WORK ITEM
Starting at the first line of the listing below, repeat each line exactly until you have repeated the one containing "中国共产党西安交通大学第一附属医院第四次代表大会关于党委工作报告的决议"; skip the pictures.

WORKING DATA
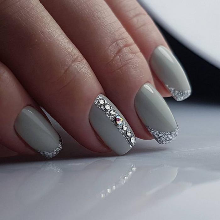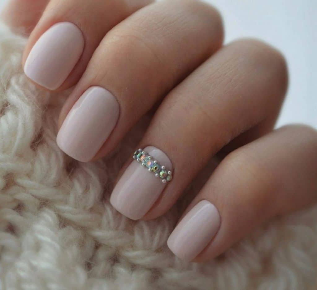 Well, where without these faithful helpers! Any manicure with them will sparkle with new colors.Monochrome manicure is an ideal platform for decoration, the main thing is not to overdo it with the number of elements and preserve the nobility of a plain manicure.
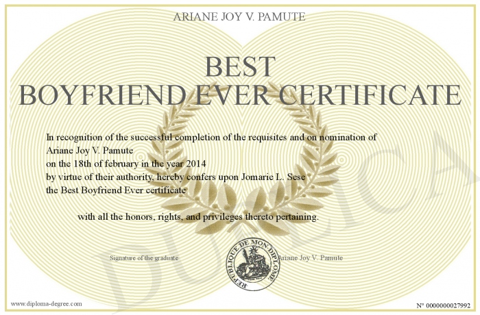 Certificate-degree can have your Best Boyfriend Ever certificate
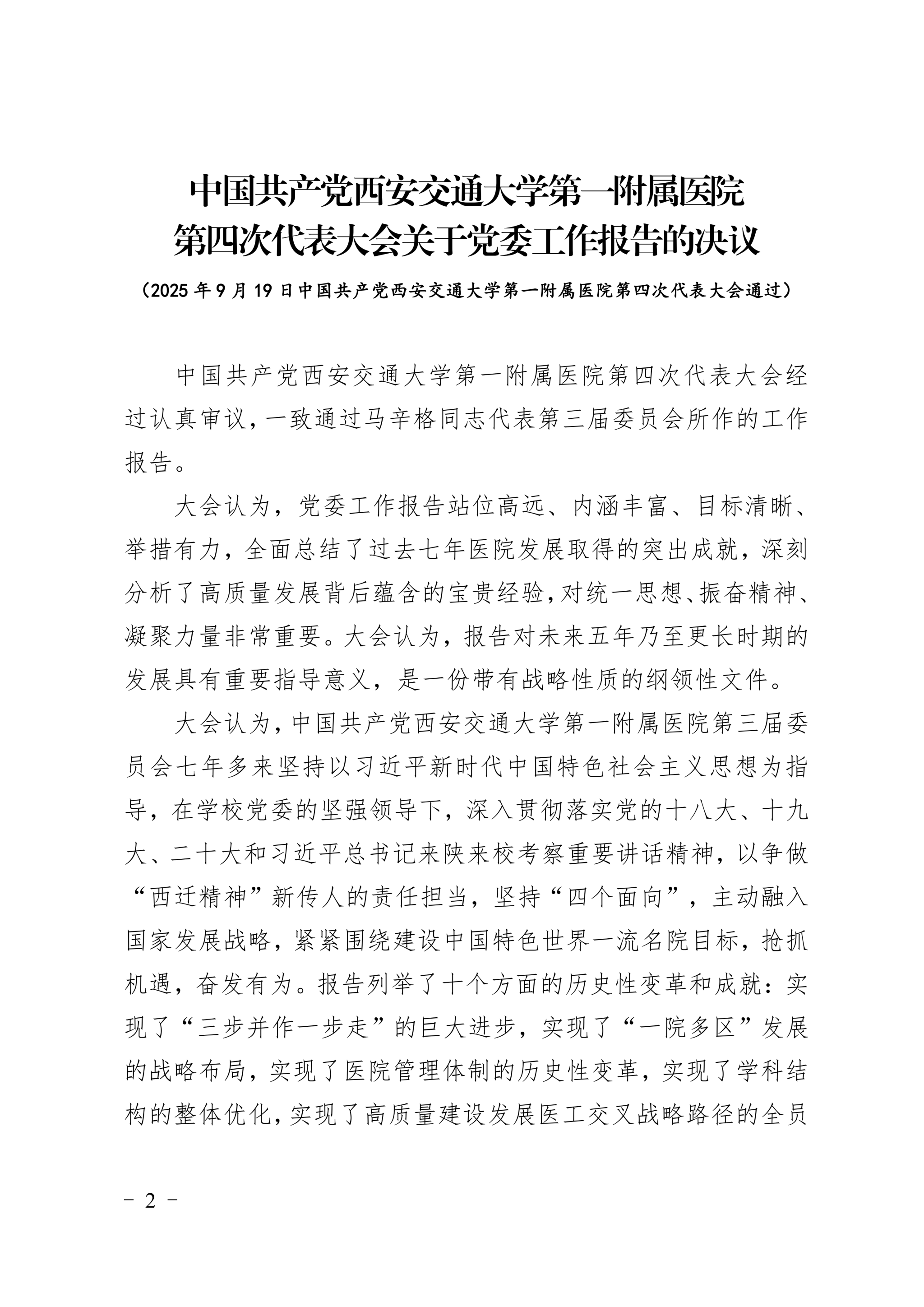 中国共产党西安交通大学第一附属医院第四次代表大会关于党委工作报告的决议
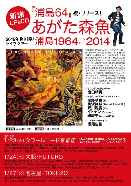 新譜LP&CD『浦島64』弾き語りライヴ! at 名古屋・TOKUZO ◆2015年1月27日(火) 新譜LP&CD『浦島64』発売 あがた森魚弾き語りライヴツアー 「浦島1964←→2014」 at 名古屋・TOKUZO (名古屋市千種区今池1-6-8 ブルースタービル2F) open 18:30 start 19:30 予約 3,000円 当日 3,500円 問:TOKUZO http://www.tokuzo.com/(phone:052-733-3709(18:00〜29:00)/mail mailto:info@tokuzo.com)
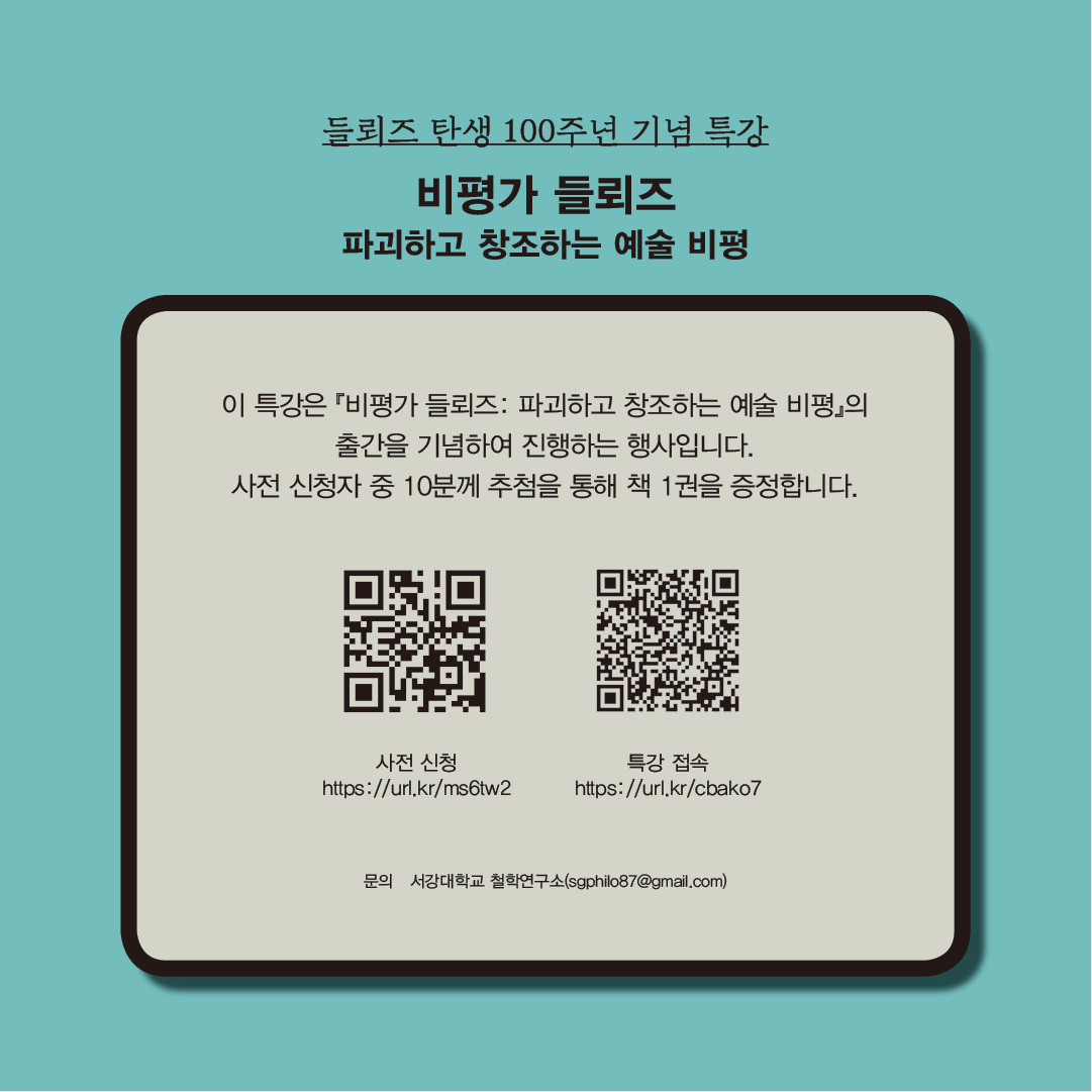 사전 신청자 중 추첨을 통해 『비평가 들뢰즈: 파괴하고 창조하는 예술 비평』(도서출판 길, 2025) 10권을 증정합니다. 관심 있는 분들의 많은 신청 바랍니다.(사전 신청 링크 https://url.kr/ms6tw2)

OUTPUT FOR THIS EXERCISE
 Well, where without these faithful helpers! Any manicure with them will sparkle with new colors.Monochrome manicure is an ideal platform for decoration, the main thing is not to overdo it with the number of elements and preserve the nobility of a plain manicure.
 Certificate-degree can have your Best Boyfriend Ever certificate
 中国共产党西安交通大学第一附属医院第四次代表大会关于党委工作报告的决议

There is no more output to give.